ASSIGNED TASK => The records below need copying. Match each line exactly.

### ENTRIES PROVIDED ###

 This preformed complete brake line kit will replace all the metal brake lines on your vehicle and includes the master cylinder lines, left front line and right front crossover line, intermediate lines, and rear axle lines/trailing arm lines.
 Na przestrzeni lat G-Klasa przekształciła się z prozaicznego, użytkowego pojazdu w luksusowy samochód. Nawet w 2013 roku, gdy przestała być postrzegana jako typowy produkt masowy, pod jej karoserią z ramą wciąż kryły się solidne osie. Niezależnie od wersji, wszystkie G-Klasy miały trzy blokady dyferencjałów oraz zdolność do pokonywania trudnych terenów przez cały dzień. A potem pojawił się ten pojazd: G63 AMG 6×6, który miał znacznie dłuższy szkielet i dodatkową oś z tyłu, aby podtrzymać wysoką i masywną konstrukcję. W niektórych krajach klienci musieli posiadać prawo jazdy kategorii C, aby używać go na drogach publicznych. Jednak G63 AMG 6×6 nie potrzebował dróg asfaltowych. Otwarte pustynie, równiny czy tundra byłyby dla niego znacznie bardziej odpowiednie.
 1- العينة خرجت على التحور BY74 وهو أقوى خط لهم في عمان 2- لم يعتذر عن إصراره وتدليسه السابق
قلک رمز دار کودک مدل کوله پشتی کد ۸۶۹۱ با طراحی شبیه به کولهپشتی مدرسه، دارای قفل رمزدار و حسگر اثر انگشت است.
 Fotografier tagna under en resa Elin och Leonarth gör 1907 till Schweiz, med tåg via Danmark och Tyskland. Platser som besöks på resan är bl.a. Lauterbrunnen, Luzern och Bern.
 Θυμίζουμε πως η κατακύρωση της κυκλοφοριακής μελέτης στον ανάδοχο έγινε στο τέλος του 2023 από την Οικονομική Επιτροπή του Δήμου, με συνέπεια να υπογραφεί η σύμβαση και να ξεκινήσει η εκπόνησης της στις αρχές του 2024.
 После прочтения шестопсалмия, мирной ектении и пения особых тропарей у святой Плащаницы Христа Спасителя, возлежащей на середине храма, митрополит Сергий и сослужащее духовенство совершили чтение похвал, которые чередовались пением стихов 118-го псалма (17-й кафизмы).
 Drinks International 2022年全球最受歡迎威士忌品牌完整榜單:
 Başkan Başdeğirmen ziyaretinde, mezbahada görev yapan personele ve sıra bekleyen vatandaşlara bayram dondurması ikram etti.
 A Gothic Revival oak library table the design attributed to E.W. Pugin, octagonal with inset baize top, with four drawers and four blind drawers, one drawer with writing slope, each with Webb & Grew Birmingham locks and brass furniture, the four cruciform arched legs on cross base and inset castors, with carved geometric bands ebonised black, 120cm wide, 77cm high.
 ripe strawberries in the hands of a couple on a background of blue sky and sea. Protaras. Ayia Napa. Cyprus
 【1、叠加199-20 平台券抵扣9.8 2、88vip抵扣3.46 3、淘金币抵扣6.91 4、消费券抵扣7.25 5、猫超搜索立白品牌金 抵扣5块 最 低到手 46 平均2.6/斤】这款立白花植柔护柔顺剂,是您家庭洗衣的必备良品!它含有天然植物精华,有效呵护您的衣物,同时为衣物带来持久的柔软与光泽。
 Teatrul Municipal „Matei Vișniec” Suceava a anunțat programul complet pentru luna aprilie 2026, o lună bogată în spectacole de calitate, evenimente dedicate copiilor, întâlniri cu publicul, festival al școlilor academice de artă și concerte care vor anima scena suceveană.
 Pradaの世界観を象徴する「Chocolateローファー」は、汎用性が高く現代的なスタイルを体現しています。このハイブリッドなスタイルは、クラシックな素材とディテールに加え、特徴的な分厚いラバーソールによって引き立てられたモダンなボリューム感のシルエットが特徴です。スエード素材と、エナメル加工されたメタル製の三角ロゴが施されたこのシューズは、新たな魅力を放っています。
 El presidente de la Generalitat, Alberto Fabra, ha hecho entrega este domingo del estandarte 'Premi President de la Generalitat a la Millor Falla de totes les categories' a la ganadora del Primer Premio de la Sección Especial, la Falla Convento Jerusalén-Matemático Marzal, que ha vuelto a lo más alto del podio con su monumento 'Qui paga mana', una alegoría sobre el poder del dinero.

###

RESULT BELOW =>
 This preformed complete brake line kit will replace all the metal brake lines on your vehicle and includes the master cylinder lines, left front line and right front crossover line, intermediate lines, and rear axle lines/trailing arm lines.
 Na przestrzeni lat G-Klasa przekształciła się z prozaicznego, użytkowego pojazdu w luksusowy samochód. Nawet w 2013 roku, gdy przestała być postrzegana jako typowy produkt masowy, pod jej karoserią z ramą wciąż kryły się solidne osie. Niezależnie od wersji, wszystkie G-Klasy miały trzy blokady dyferencjałów oraz zdolność do pokonywania trudnych terenów przez cały dzień. A potem pojawił się ten pojazd: G63 AMG 6×6, który miał znacznie dłuższy szkielet i dodatkową oś z tyłu, aby podtrzymać wysoką i masywną konstrukcję. W niektórych krajach klienci musieli posiadać prawo jazdy kategorii C, aby używać go na drogach publicznych. Jednak G63 AMG 6×6 nie potrzebował dróg asfaltowych. Otwarte pustynie, równiny czy tundra byłyby dla niego znacznie bardziej odpowiednie.
 1- العينة خرجت على التحور BY74 وهو أقوى خط لهم في عمان 2- لم يعتذر عن إصراره وتدليسه السابق
قلک رمز دار کودک مدل کوله پشتی کد ۸۶۹۱ با طراحی شبیه به کولهپشتی مدرسه، دارای قفل رمزدار و حسگر اثر انگشت است.
 Fotografier tagna under en resa Elin och Leonarth gör 1907 till Schweiz, med tåg via Danmark och Tyskland. Platser som besöks på resan är bl.a. Lauterbrunnen, Luzern och Bern.
 Θυμίζουμε πως η κατακύρωση της κυκλοφοριακής μελέτης στον ανάδοχο έγινε στο τέλος του 2023 από την Οικονομική Επιτροπή του Δήμου, με συνέπεια να υπογραφεί η σύμβαση και να ξεκινήσει η εκπόνησης της στις αρχές του 2024.
 После прочтения шестопсалмия, мирной ектении и пения особых тропарей у святой Плащаницы Христа Спасителя, возлежащей на середине храма, митрополит Сергий и сослужащее духовенство совершили чтение похвал, которые чередовались пением стихов 118-го псалма (17-й кафизмы).
 Drinks International 2022年全球最受歡迎威士忌品牌完整榜單:
 Başkan Başdeğirmen ziyaretinde, mezbahada görev yapan personele ve sıra bekleyen vatandaşlara bayram dondurması ikram etti.
 A Gothic Revival oak library table the design attributed to E.W. Pugin, octagonal with inset baize top, with four drawers and four blind drawers, one drawer with writing slope, each with Webb & Grew Birmingham locks and brass furniture, the four cruciform arched legs on cross base and inset castors, with carved geometric bands ebonised black, 120cm wide, 77cm high.
 ripe strawberries in the hands of a couple on a background of blue sky and sea. Protaras. Ayia Napa. Cyprus
 【1、叠加199-20 平台券抵扣9.8 2、88vip抵扣3.46 3、淘金币抵扣6.91 4、消费券抵扣7.25 5、猫超搜索立白品牌金 抵扣5块 最 低到手 46 平均2.6/斤】这款立白花植柔护柔顺剂,是您家庭洗衣的必备良品!它含有天然植物精华,有效呵护您的衣物,同时为衣物带来持久的柔软与光泽。
 Teatrul Municipal „Matei Vișniec” Suceava a anunțat programul complet pentru luna aprilie 2026, o lună bogată în spectacole de calitate, evenimente dedicate copiilor, întâlniri cu publicul, festival al școlilor academice de artă și concerte care vor anima scena suceveană.
 Pradaの世界観を象徴する「Chocolateローファー」は、汎用性が高く現代的なスタイルを体現しています。このハイブリッドなスタイルは、クラシックな素材とディテールに加え、特徴的な分厚いラバーソールによって引き立てられたモダンなボリューム感のシルエットが特徴です。スエード素材と、エナメル加工されたメタル製の三角ロゴが施されたこのシューズは、新たな魅力を放っています。
 El presidente de la Generalitat, Alberto Fabra, ha hecho entrega este domingo del estandarte 'Premi President de la Generalitat a la Millor Falla de totes les categories' a la ganadora del Primer Premio de la Sección Especial, la Falla Convento Jerusalén-Matemático Marzal, que ha vuelto a lo más alto del podio con su monumento 'Qui paga mana', una alegoría sobre el poder del dinero.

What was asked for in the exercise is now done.